As for the meat, I tried to avoid ground beef and choose a non-ruminating animal as a substitute, namely ground turkey. The turkey was grown organically also in the Cowichan Valley, which means that there are considerably lower fossil fuel inputs into their feed. The turkey must still be processed and its meat ground and packaged to ultimately be transported to stores, which may possibly use oil as a fuel and plastics input to carry these steps out.

The couscous was prepared in Delta, BC and is also organic, which greatly surprised me as well because I have eaten this brand of couscous before many times and never knew it was organic.

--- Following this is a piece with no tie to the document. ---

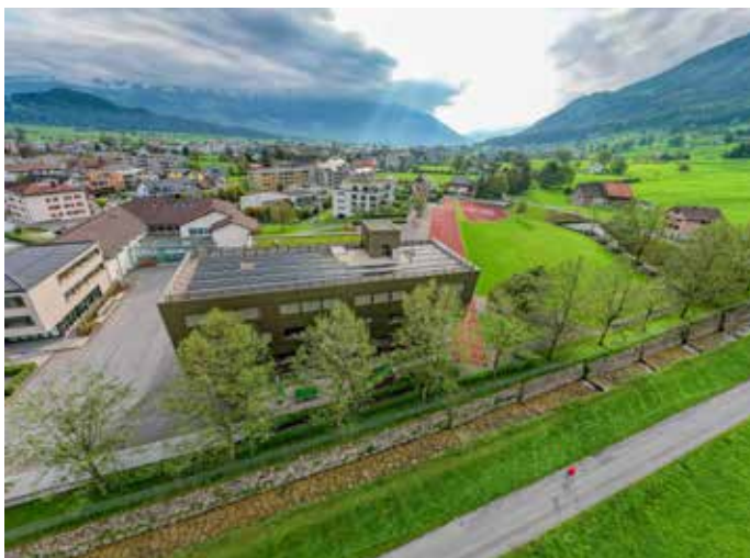
Schulhausareal Am Bach

It was only after scouring the box for the area in which it was grown that I found in tiny writing on the bottom of the box “Certified Organic by the Organic Crop Improvement Association”. I was perplexed as to why the company would not want to advertise this more transparently to their consumers, especially if they had gone through the trouble to get it certified by an official organization.  The Box is 100% recycled paper, which saves some oil in not having to construct new paper but is still a very oil and water intensive project due to the recycling.

My last ingredient that I thought I should touch on is the water I was drinking.  Victoria sits almost directly on the Juan de Fuca fault line, which means that we are very susceptible to earthquakes. The area is in fact “due” for the next big one, which could come tomorrow or in 100 years from now. The situation gets worse when the fact that 95% of Vancouver islands food is imported from the mainland[2] is considered, which brings up serious food security issues if we were ever cut off from the mainland for a short period of time for any reason. As a result, our family stays stocked with a lot of canned goods that we eat and restock but keep in large supply, as well as having an emergency water cooler. These water jugs are kept in a tick plastic container and can become unsafe to drink if they are stored for too long.

As a result, despite having clean and fresh tap water, we usually drink from the cooler which uses much more oil to package and transport. I thought this is an interesting example of how our entire family, including myself, is not willing to put an environmental concern above what we feel is our personal safety insurance. However the water is tapped from Fanny Bay, BC and is bottled in Richmond, BC, so at least the entire production process is spread over less than a 300km distance.

*just to clarify the water I used to cook the chili in was from the tap. I still end up using the tap a lot!